Need an exposure crutch? (http://photography-on-the.net/forum/showthread.php?t=89123)
myself62
27th of January 2008 (Sun), 05:04
I guess I just don't see the point. Why would you make one when gray/white cards are readily available from Kodak for just a few dollars?
i guess im just very curious to know if it would work, and thought that the three spikes in the histogram might give a better exposure reading, maybe i have had to much time on my hands this week (holidays)lol.
need to get back to work very soon :)
thanks for the comments.
PhotosGuy
28th of January 2008 (Mon), 09:25
and thought that the three spikes in the histogram might give a better exposure reading, It wouldn't hurt to have a white & black as reference. For me, it's simpler to have a calibrated monitor, get the whites "right", shoot RAW, & don't sweat the small stuff? ;)
tonylong
28th of January 2008 (Mon), 11:26
i guess im just very curious to know if it would work, and thought that the three spikes in the histogram might give a better exposure reading, maybe i have had to much time on my hands this week (holidays)lol.

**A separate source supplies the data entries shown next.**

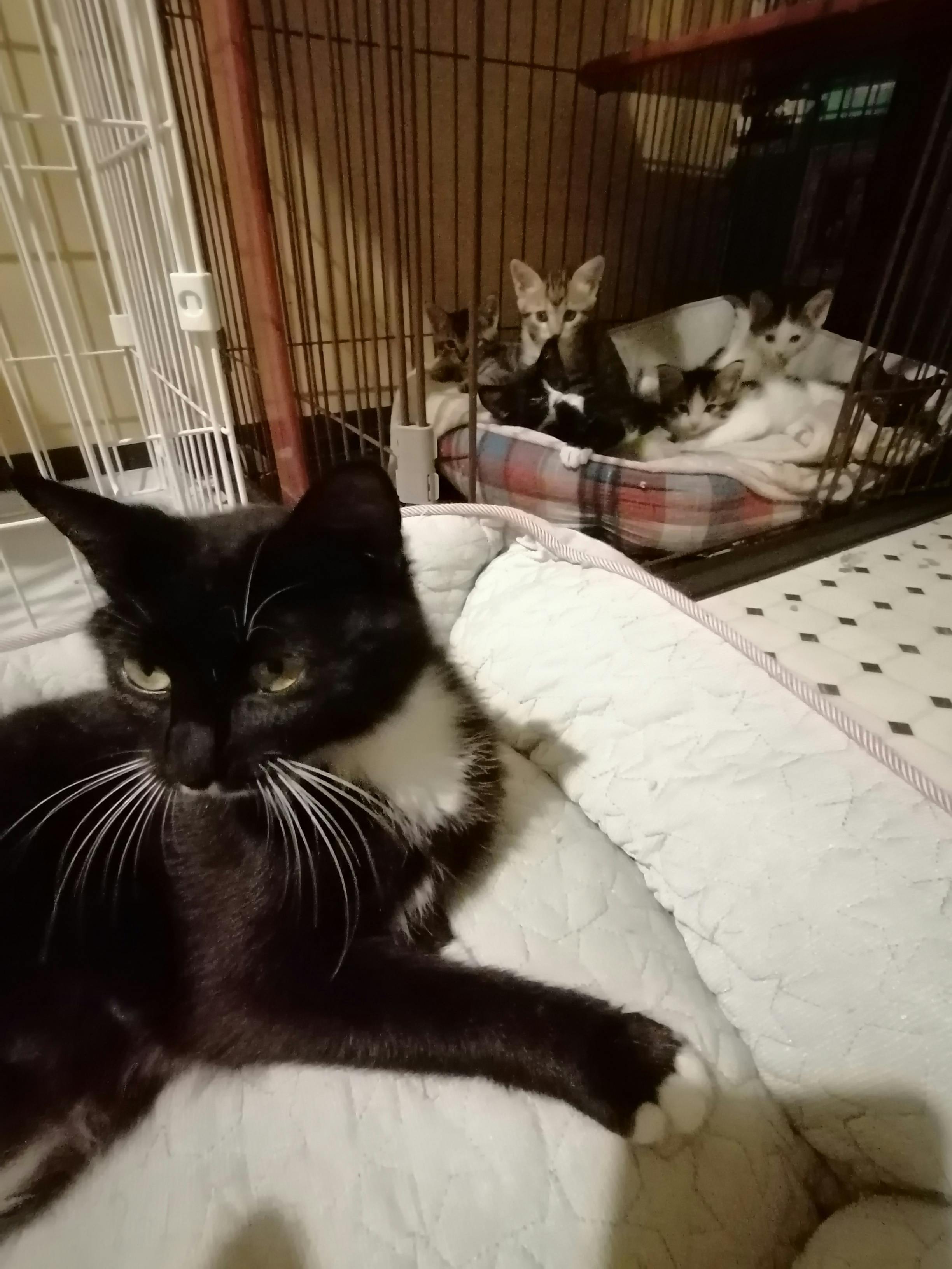 ※5月4日(黒白さん)5月6日(三毛さん)出産しましたが三毛さんは育児放棄の為白黒さんに育ててもらってす!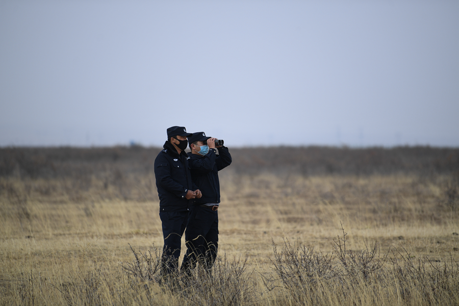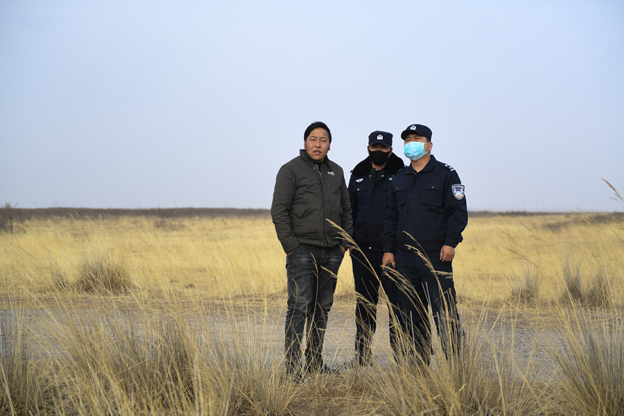 11月20日,剛察縣森林公安局哈爾蓋派出所民警秦輝武(右一)和輔警東知布在特護區(qū)內(nèi)進行日常巡護。新華網(wǎng) 潘彬彬攝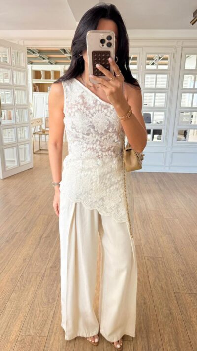 $38.00White One Shoulder Lace Top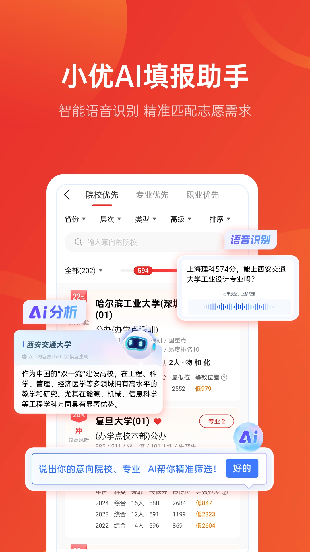 优志愿可为用户提供高考志愿AI填报服务,能依据用户平时的学习成绩智能匹配志愿需求。目前该平台还支持美术生等艺术生的志愿填报,通过运用AI大数据智能算法,助力用户获得更科学的志愿填报功能。平台内的数据与当年考试院发布的书本信息保持一致,同时也会为用户提供历年录取数据,帮助考生完成满意的志愿填报。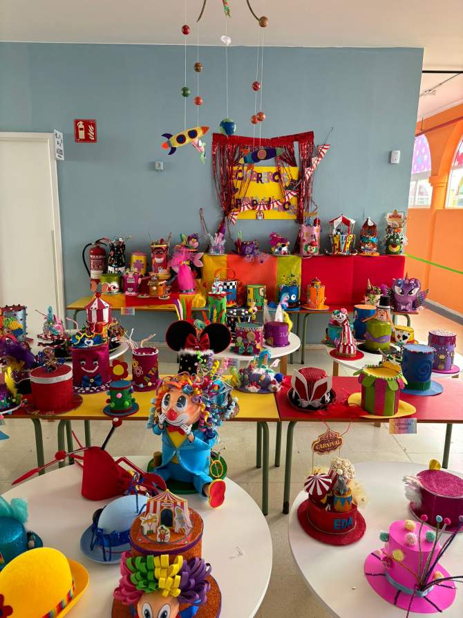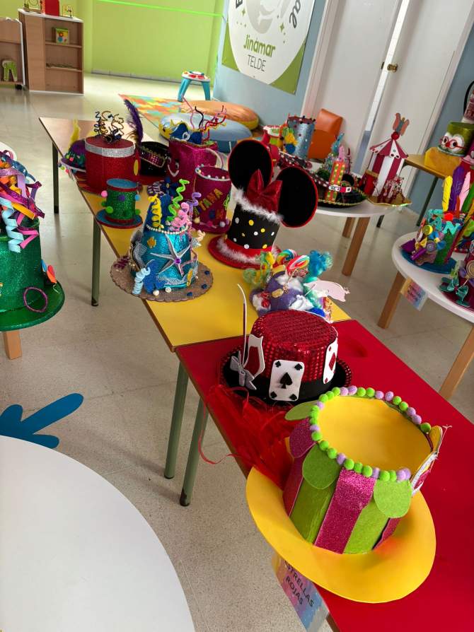 Los padres y madres de la Escuela Infantil de Jinámar se han esmerado para elaborar divertidos y originales sombreros para celebrar el Carnaval, que ahora están expuestos en este centro municipal de educación infantil.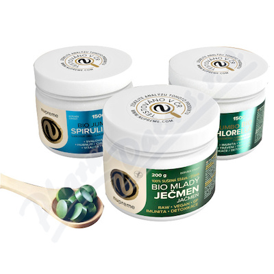 Balíček obsahuje Chlorellu 1500tbl BIO NUPREME, Spirulinu 1500tbl BIO NUPREME a Mladá ječmen 200g BIO NUPREME.

need to get back to work very soon :)
thanks for the comments.
Your "three spikes" idea would be helpful if you are shooting jpeg or adjusting Picture Styles to make your LCD readout look like a good approximation to what an in-camera jpeg would look like. The gray spike should be in the center (some cameras are best being slightly right of the center, though). If your black and white points are too close to the center, you would up the contrast. If they are too far from the center you would lower the contrast.
The thing is, this only applies to a jpeg in-camera, or to the "starting point" picture style setting if you're shooting RAW and using a Canon-aware application such as DPP -- Adobe RAW/Lightroom apps don't adjust for Canon picture styles.
As has been noted, for White Balance, the equivalent of medium gray is what matters. However, the same note applies: in-camera white balance is applied to the jpeg and the Exif data. RAW converters take the Exif info and use it as a "starting point" that you can fine-tune as you will.